AN ITALIAN AFTERNOON
An Italian Afternoon is a collection of poems in various forms such as open field, a Terza Rima, a Sestina as well as lyric poems about the author’s travels in Italy and her prolonged stay in Sipicciano looking after two beautiful dogs. The poems capture the essence of Italy: the people, the landscape and the antiquities.

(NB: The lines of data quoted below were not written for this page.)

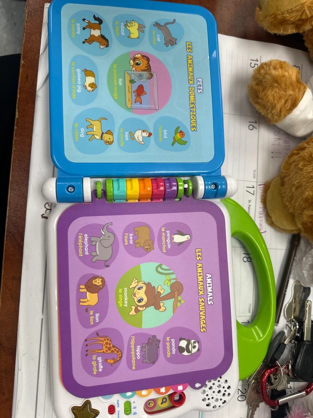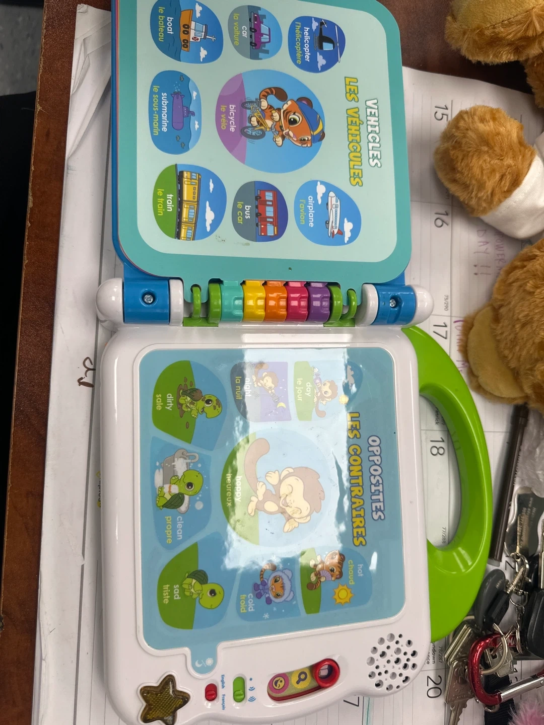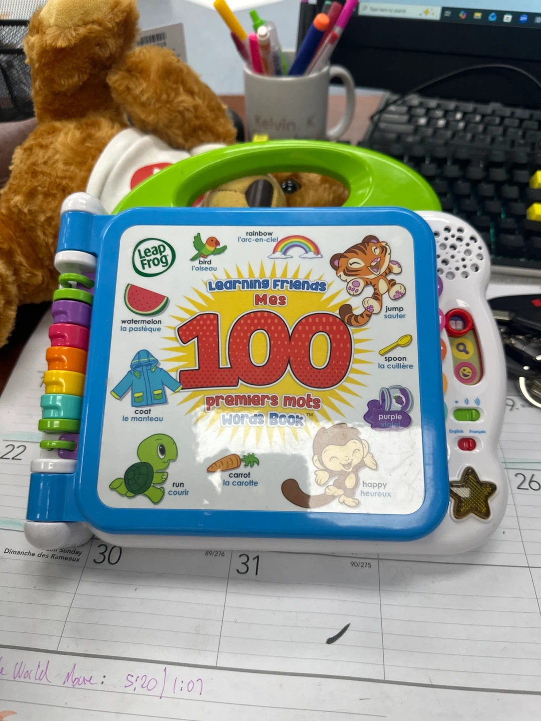 This LeapFrog Learning Friends 100 Words Book is designed for young learners. It features various topics like colours, animals, and vehicles. It's bilingual, offering content in English and French for expanded learning. This interactive book helps introduce new vocabulary in a fun way!
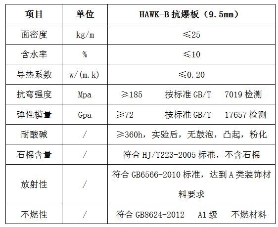 HAWK-B抗爆板是一种高强度复合的抗爆材料,芯层为非石棉硅酸盐防火板,覆层为两块高强冲孔镀锌钢板,内外层通过机械压力咬合而成。具有超强防火、防爆、抗撞击能力、抵抗高水压喷射等功能。
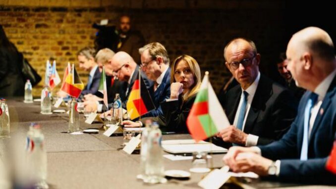 Giorgia Meloni and Friedrich Merz talk during the mini-summit this Thursday
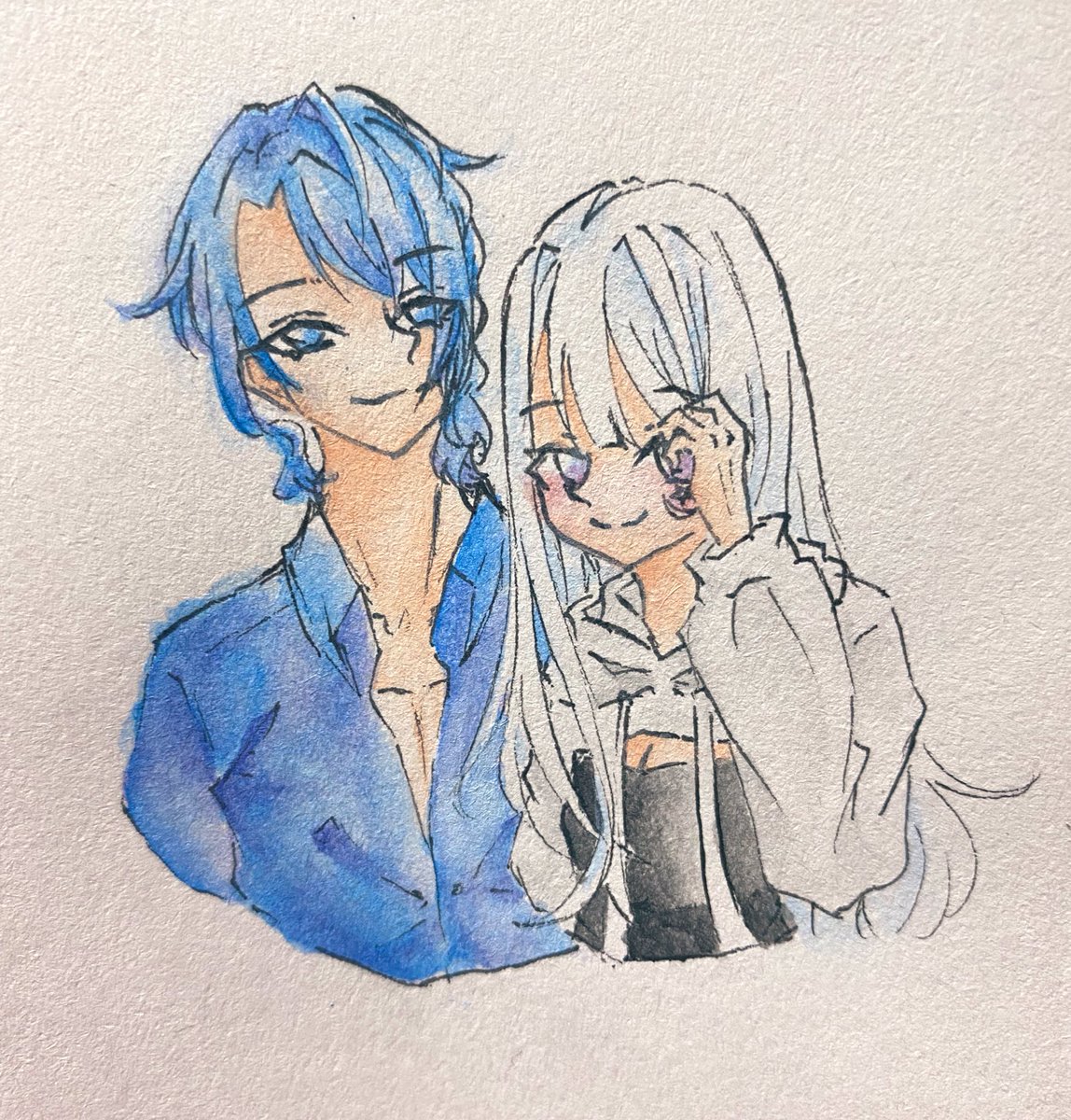 #塗鴉 #水彩画 顏色好好玩wwwwww 原本要記錄美好的線稿😌 結果突然發現好像很合(????? 完全意外wwwwww

‘In this sequence Wendy Holborow demonstrates her lyrical and descriptive powers to advantage, and transmits to the reader the excitement and freshness of visiting a new place, in this case, Italy. She handles different forms deftly, and includes art history as she shares her experience, with a compulsive lightness to her language.’
Patricia McCarthy
An excellent review in Envoi Spring 2019 by Alex Josephy.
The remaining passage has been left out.